From the archives

For many students, the best thing about going to university is the gap year. Traditionally, this glorious year of freedom and self-discovery known as G.A.P. (Gigantic All-Year Party) takes place the year before students start their university course but quite a few people are now choosing to take it in the middle of, or immediately after, their studies. Isn’t it better just to jump into an eight-month half-naked trek across the more salubrious slums of the Third World’s tourist resorts than to give up your dream of responsibility-free bohemian bliss forever? If that’s what you’re thinking, read this…
AUSTRALIA
If you travel here on your gap year, you have to be prepared for long slogs in the outback otherwise you risk getting caught up in the tedious holidaymaker parts of the country. Sure, they have big tasty prawns to eat, but culturally it’s akin to spending your holiday in an Outback bar in Islington only without it raining outside. All the best bits about Oz, like Nimbin (a valley about two hours from Byron Bay where they grow literally 1,000 acres of weed) and the Blue Mountains, are off the beaten track so you have to do your homework and be prepared for some serious travelling. Note: Whatever you do, please don’t end up on one of those Oz Experience bus ride testosterone fiestas. Seriously, those things are like 50 rugby-playing guys slapping each other round the face with their dicks and going “yah” a lot. Horrible.
BEACH
The chances are you will end up spending a few nights here with some local down and outs and fellow travellers.
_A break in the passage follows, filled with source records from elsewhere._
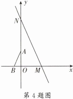 4. (青羊区期末)如图,在平面直角坐标系中,直线$y= -\sqrt{3}x+4与x$轴、$y轴分别交于点M$,$N$,点$A$,$B分别在y$轴、$x$轴上,且$\angle BAO= 30^{\circ}$,$AO= 2$.将$\triangle ABO绕原点O$顺时针转动一周,当$AB与直线MN$垂直时,点$A$的坐标为____.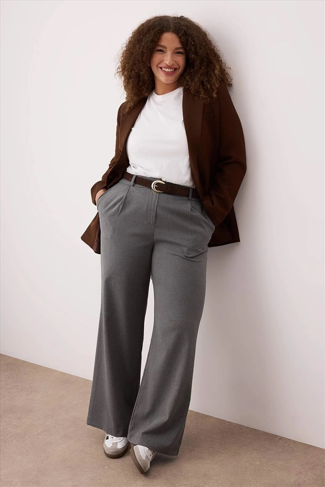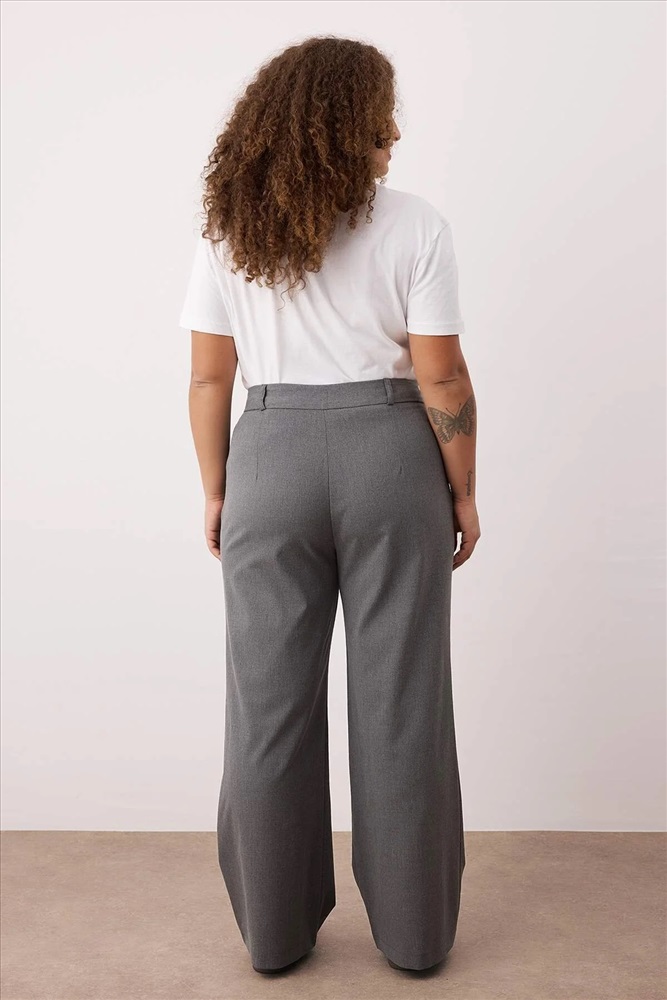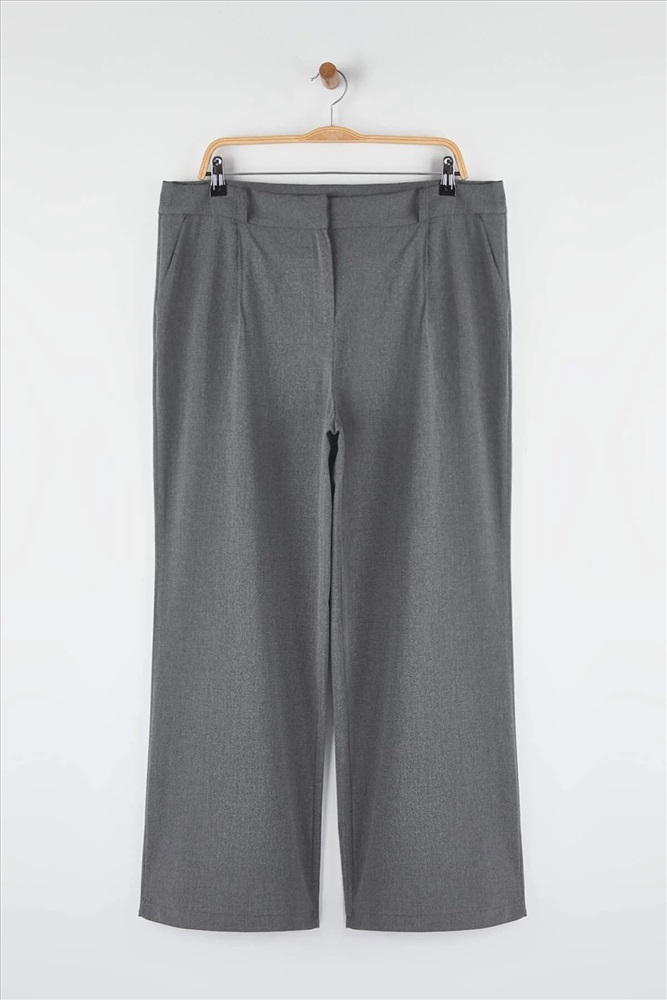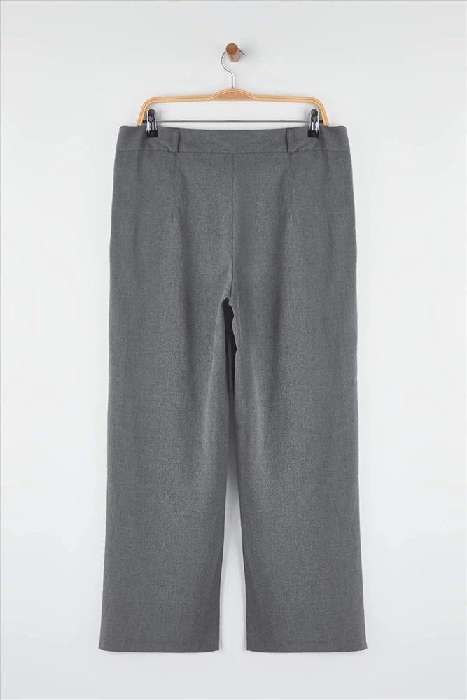 Gri Lastik Belli Wide Leg Büyük Beden Dokuma Pantolon TBBAW26AR00019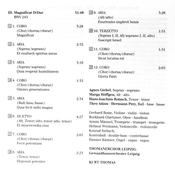 | III. Magnificat In D Major BWV 243 | 31:48 min |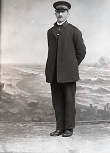 Ateljéfoto av man i Frälsningsarméns uniform, troligen beställaren själv, Karl Sjöberg, kv Falkenbäck i Varberg.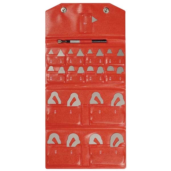 Radius Gauge Set, Range 1/64 in to 17/64 in by 64ths, 9/32 in to 1/2 in by 32nds, Accuracy +/-0.0016 in, Configuration 5 Convex & Concave Radii, Dimension Type Angle, Included Sizes 1/16 in (1/16 in -1/2 in, 9/16 in-1), Increments 1/64 in (1/64 in to 17/64 in), 1/32 in (9/32 in to 1/2 in), Minimum Measurement - Inch 1/64 in, Number of Leaves 25, Set Style Fixed Leaves With Handle, Case Included Yes, Case Type Pouch, Finish Satin Chrome, Includes Fitted Case With Indexed Pockets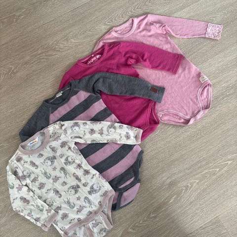Body for baby jente i størrelse 56 og 62. Pakken inneholder 12 langermede bodyer i ulike flerfargede varianter, som vist på bildene. Bodyene har trykknapper i skrittet for enkel av- og påkledning. Passer til hverdagsbruk for spedbarn. De fleste av dem ubrukte. 9 bodyer størrelse 56 og 3 bodyer størrelse 62.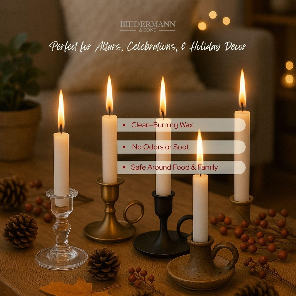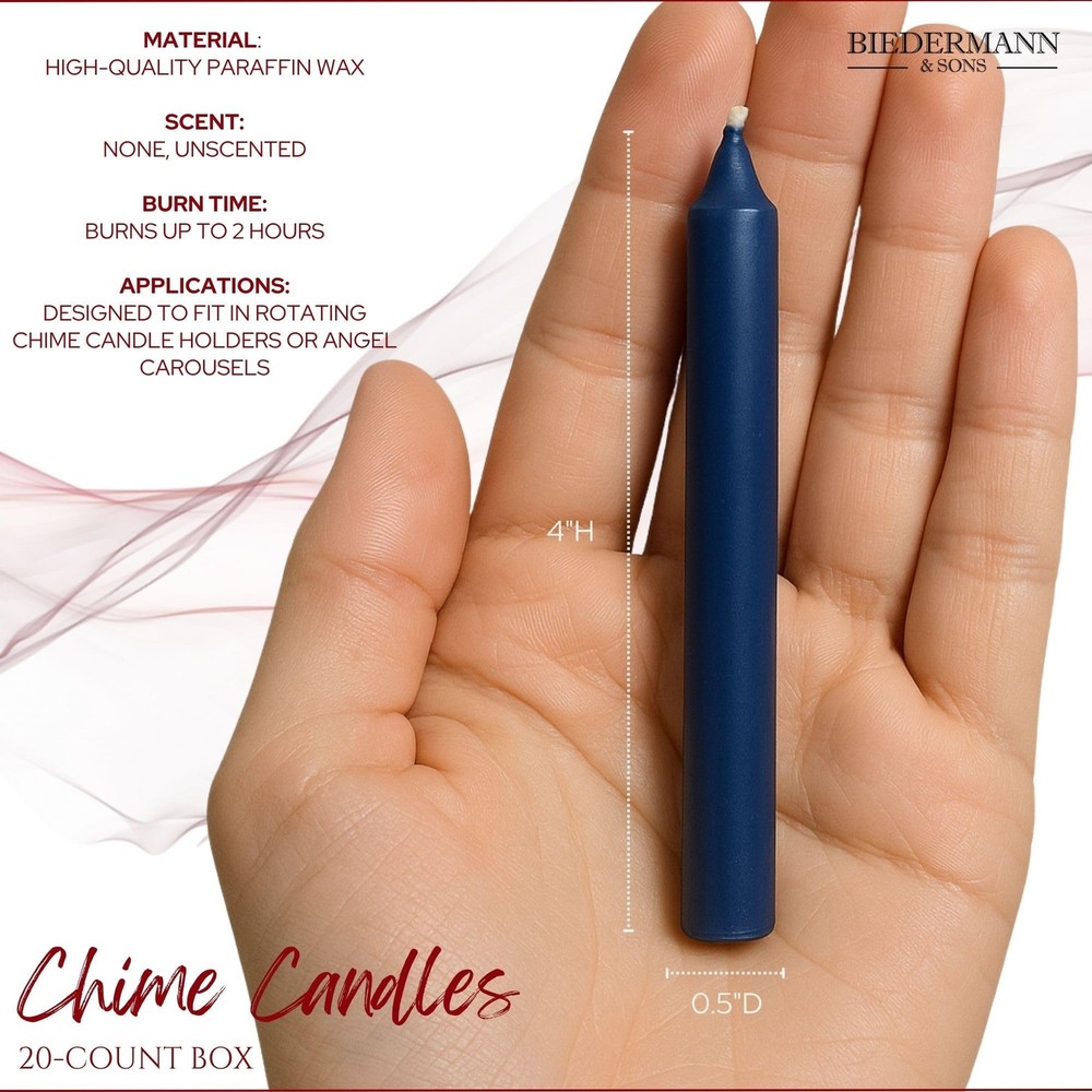 LASTING AMBIANCE: Enjoy beautiful candlelight with a long burning time of approximately 2 hours per candle. Adding peaceful home decor, these navy blue small chime candles are perfect for display. CONVENIENT SIZE & VALUE: Get a generous set of 20 candles in a convenient pack. These 4 inch long chime candles provide great value, perfectly sized tapers for various uses. CLEAN AIR: Enjoy a pure and clean atmosphere with our truly unscented chime candles. Made from quality wax, they provide a clean burn, ideal for use near dining areas or as part of a centerpiece. CLASSIC DESIGN: The classic design is perfect for various uses. Essential for altar work, meditation, spiritual ceremony decor, rituals, witchcraft, birthday celebrations, and Christmas displays. TRUSTED FOR DECADES: has provided quality decorative candles for home and events since 1956. Perfect for wedding, spring, easter, thanksgiving, advent, dinner, and prayer decor.

Where else is there to go when you run out of money? If you are going to sleep “al fresco” like a dirty old tramp be sure to wake up early and keep your valuables next to parts of your body that can’t be easily pickpocketed. By the way, regularly lying outside exposed to the early morning sun for five hours will leave you with skin like a sunbedloving granny from Essex. You might also get cancer, which is almost as bad.
CAMBODIA
This is a pretty insane place. Did you know that in certain parts you can pay to fire assault rifles and bazookas at cows and other farm animals? Here’s something else weird: our friend Rahul just came back from there and he told us he’d bought a Cambodian police officer’s uniform right off his back. The cop just wandered off in his pants. No lie. He even tried to sell him his gun! Be careful though, some people we know from Brighton went away with a friend who had a little too much of a taste for Cambodia and after getting his student loan on his return to England decided to fuck off back there again. This was three years ago. His parents were recently in the national press offering a £10,000 reward for information on his whereabouts.
DELHI BELLY
Don’t go to India. You will be ejaculating acidic streams of diarrhoea out of your anus as soon as you touch down. It happens to everyone. Also, you will have to face the fact that at one point during your travels you are going to feel really ill and shit your pants. Deal with it.
EUROPE
Sure, South America and South East Asia are cool but there is a whole continent on your doorstep. You know that crap movie Hostel? Well, the former Eastern Bloc countries aren’t quite like that, but they are cheap and full of beautiful girls. An InterRail ticket is next to nothing compared to an around the world flight. Or you could just buy a van, call it Doris and break down all over Stalin’s back garden.
FINDING YOURSELF
This is what it’s all about, man. But while you’re doing that, don’t forget that you are in a strange environment and stand out like a big red greasy carbuncle. Make sure you take any advice the friendlier locals give you. Our intern, James Knight, was about to get a bus over the Laos border into Cambodia when a little old lady came up to him and told him not to get on. James is an open-minded guy so he listened to her advice and instead waited hours for another mode of transport. Later in the day, the bus was hijacked and six tourists were shot. He had a lucky escape.
GAP CHALLENGE
This is one of the many organisations offering pre-college students the chance to work in developing countries like Peru, where you will get to spend all day hanging out with poverty-stricken kids. It may not be as selfishly fun as writhing around a beach on Goa on ketamine with thousands of other British pieces of trash, but it’s more likely to make give you a sense of self-worth and some stories that are better than: “I met this girl from Nottingham and we had sex in the sea, then I got dysentery and now we talk on MySpace occasionally.” Go to www.world-challenge.co.uk to find out more.